### Exercise inputs
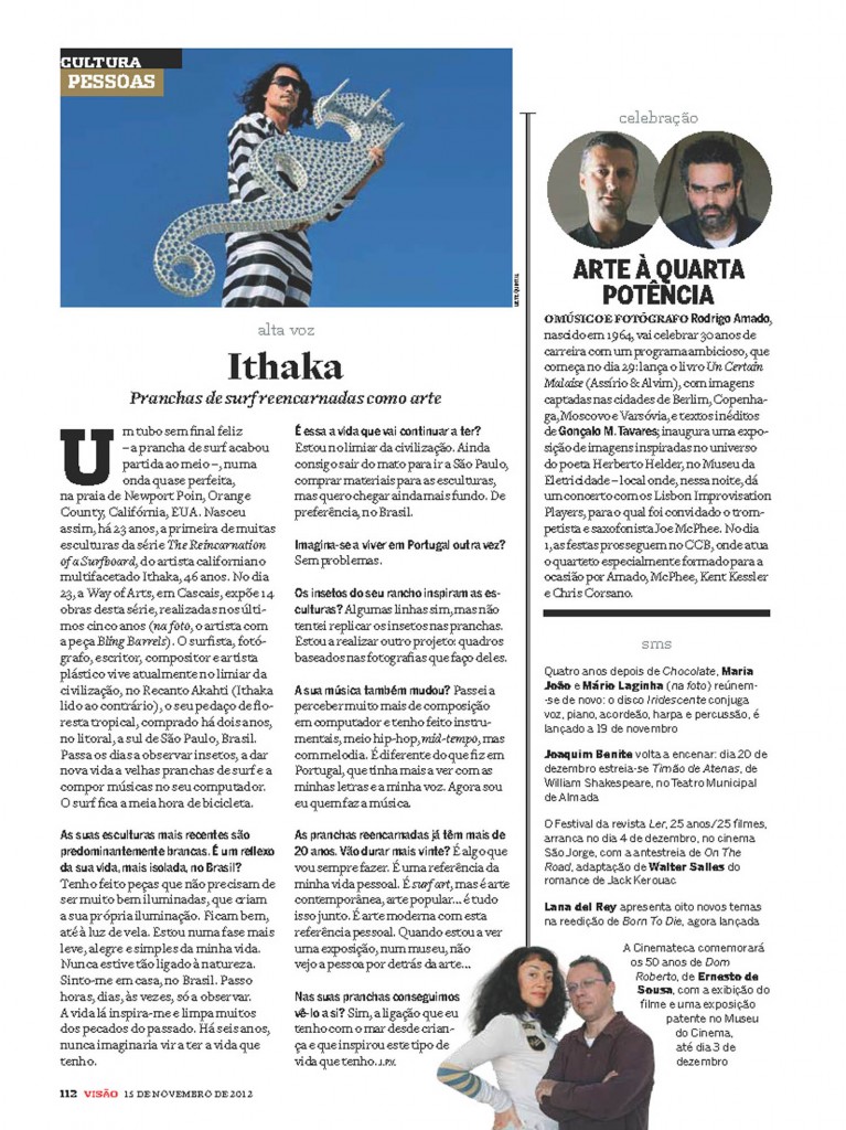 The culture themed Portuguese magazine Visão recently published Ithaka’s most emblematic art work, highlighting his influences through music and nature. Read more directly on Visão website at visao.sapo.pt/noticias/ and visao.sapo.pt/blog/ or through the surfers agent at wayofarts.com/press/ and wayofarts.com/ithaka/
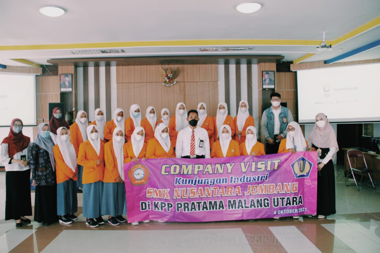 Sekolah Menengah Kejuruan (SMK) Nusantara Jombang berkunjung ke Kantor Pelayanan Pajak (KPP) Pratama Malang Utara, Kota Malang (Senin, 4/10). Kunjungan ini dalam rangka company visit (kunjungan industri) yang merupakan salah satu program pembelajaran di SMK Nusantara Jombang. Ada delapan belas siswi SMK didampingi oleh dua guru yang berkunjung ke KPP Pratama Malang Utara.
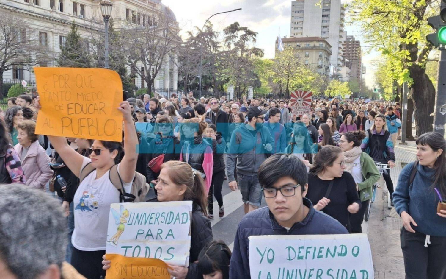 Alumnos, docentes, no docentes se movilizaron bajo la consigna "defensa de la universidad pública y del sistema científico" nacional en el marco de la Marcha Federal Universitaria por las calles céntricas de La Plata.
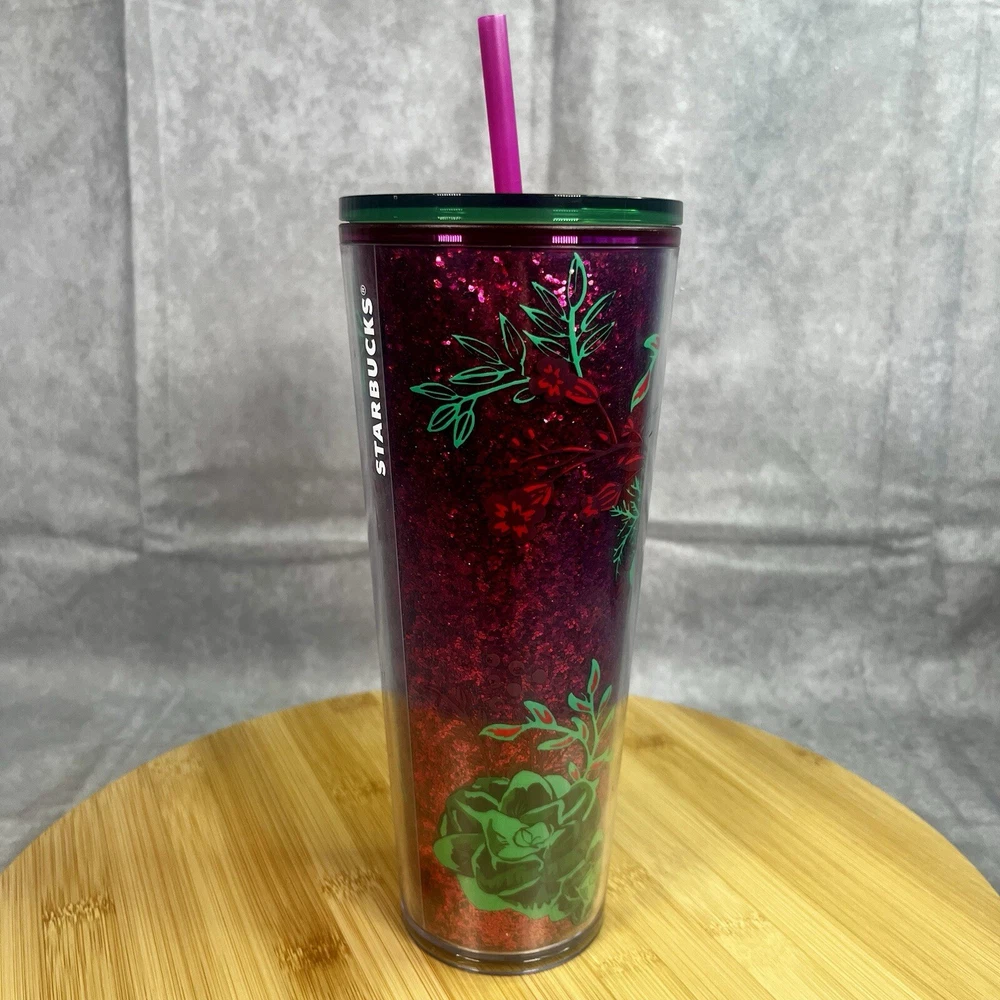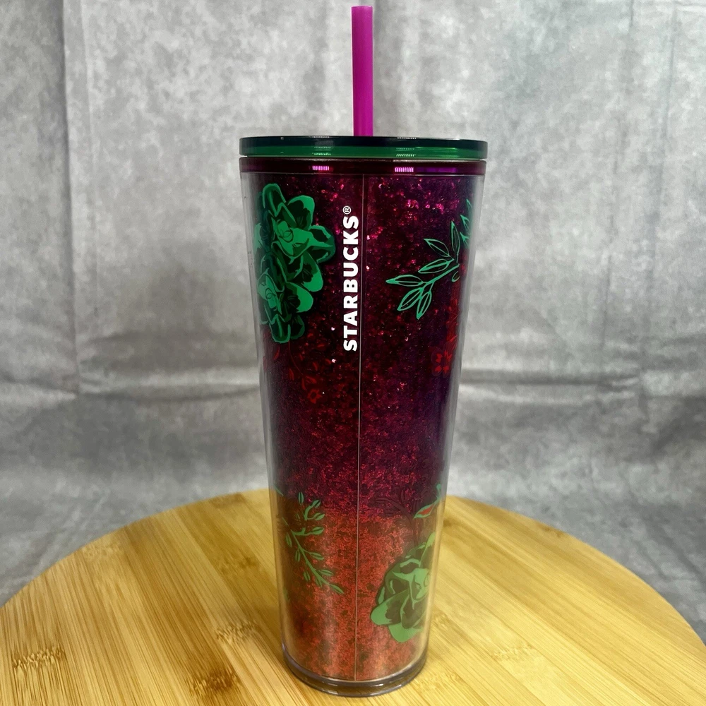 Starbucks Winter Holiday Tumbler Cold Cup 24 oz - Glitter w/ Green Flowers This Starbucks Winter Holiday Tumbler Cold Cup 24 oz is the perfect addition to your collection of coffee and tea accessories. The cup features a glittery design with green flowers, making it a festive and eye-catching piece. It is an original Starbucks product, manufactured in China, and is ideal for enjoying your favorite cold beverage during the holiday season. The cup is labeled as a 24 oz and is perfect for collectors or as a gift for a coffee and tea enthusiast.
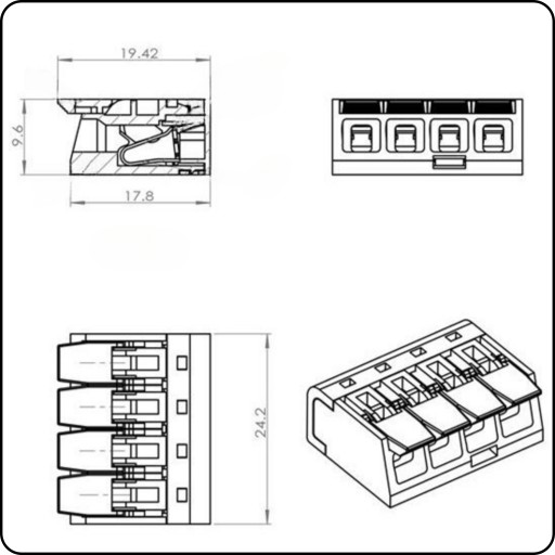 - W zestawie zapakowanym w poręczną skrzyneczkę znajdziesz szybkozłączki 2, 3 i 5-pinowe, kostki wtykowe, złącza typu Wago.
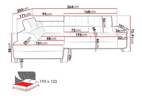 ZobrazitRohová sedačka je ideální volbou pro ty, kdo hledají pohodlí a styl. Styl a elegance moderní rohové sedačky Elsie se perfektně hodí do interiéru elegantního obývacího pokoje, ale i obytného prostoru, kde si každý den hrají děti. Matné nohy dělají rohovou sedačku stejně působivou jak v podkroví, tak iv industriálním obývacím pokoji. Široká nabídka potahových látek zahrnuje i praktické návrhy materiálů odolných vůči skvrnám a ohnivzdornosti, jakož i těch, které se vyznačují zvýšenou odolností proti poškrábání a tahání nití zvířecími drápy. Jedná se zejména o praktická řešení v bytech vhodných pro domácí zvířata. Zvýšený komfort při odpoledním odpočinku na rohové sedačce poskytuje měkký sedák podepřený pevnou konstrukcí i polohovatelné opěrky hlavy. Jejich umístění můžete plně přizpůsobit tvaru těla a zvýšit tak své pohodlí. Z hlediska funkčnosti se rohová sedačka s funkcí na spaní snadno rozloží ak přípravě místa na spaní pro sebe nebo hosty stačí vysunout delší část sedáku. A co víc, uvnitř sedačky je úložný prostor na ložní prádlo. Tato šikovně skrytá přihrádka může sloužit na polštáře a peřiny, jakož i místo na odkládání sezónního oblečení a jiných zřídka používaných doplňků. Rohová sedačka typu L je volně stojící, to znamená, že její záda jsou potažena látkou. Toto řešení umožňuje libovolně umístit sedačku v prostoru – i když je umístěna ve středu obývacího pokoje, bude vypadat skvěle. Rozměry: délka: 264 cm šířka: 203 cm výška: 73-91 cm Plocha na spaní: 193 x 123 cm Rozměry úložného prostoru: délka: 174 cm šířka: 92 cm výška: 18 cm Rohová strana: levá nebo pravá Provedení: konstrukce sedadla + d T 2844, tloušťka 11 cm + oválné konstrukce opěradla: dřevěný rám + dřevovláknitá deska + vysokoelastická pěna T 2844, tloušťka 7 cm + ovál rohová sedačka je rozkládací má funkci spánku roh typu L úložný prostor nastavitelné opěrky hlavy trvale připevn kovové nohy (antracit) volně stojící rohová sedačka (záda potažená látkou) Záruka: 24 měsíců

### Task directions
Only the lines from the start of the records to the one containing "Alumnos, docentes, no" should be repeated, exactly and with both ends kept; drop any pictures.

### Solution
 The culture themed Portuguese magazine Visão recently published Ithaka’s most emblematic art work, highlighting his influences through music and nature. Read more directly on Visão website at visao.sapo.pt/noticias/ and visao.sapo.pt/blog/ or through the surfers agent at wayofarts.com/press/ and wayofarts.com/ithaka/
 Sekolah Menengah Kejuruan (SMK) Nusantara Jombang berkunjung ke Kantor Pelayanan Pajak (KPP) Pratama Malang Utara, Kota Malang (Senin, 4/10). Kunjungan ini dalam rangka company visit (kunjungan industri) yang merupakan salah satu program pembelajaran di SMK Nusantara Jombang. Ada delapan belas siswi SMK didampingi oleh dua guru yang berkunjung ke KPP Pratama Malang Utara.
 Alumnos, docentes, no docentes se movilizaron bajo la consigna "defensa de la universidad pública y del sistema científico" nacional en el marco de la Marcha Federal Universitaria por las calles céntricas de La Plata.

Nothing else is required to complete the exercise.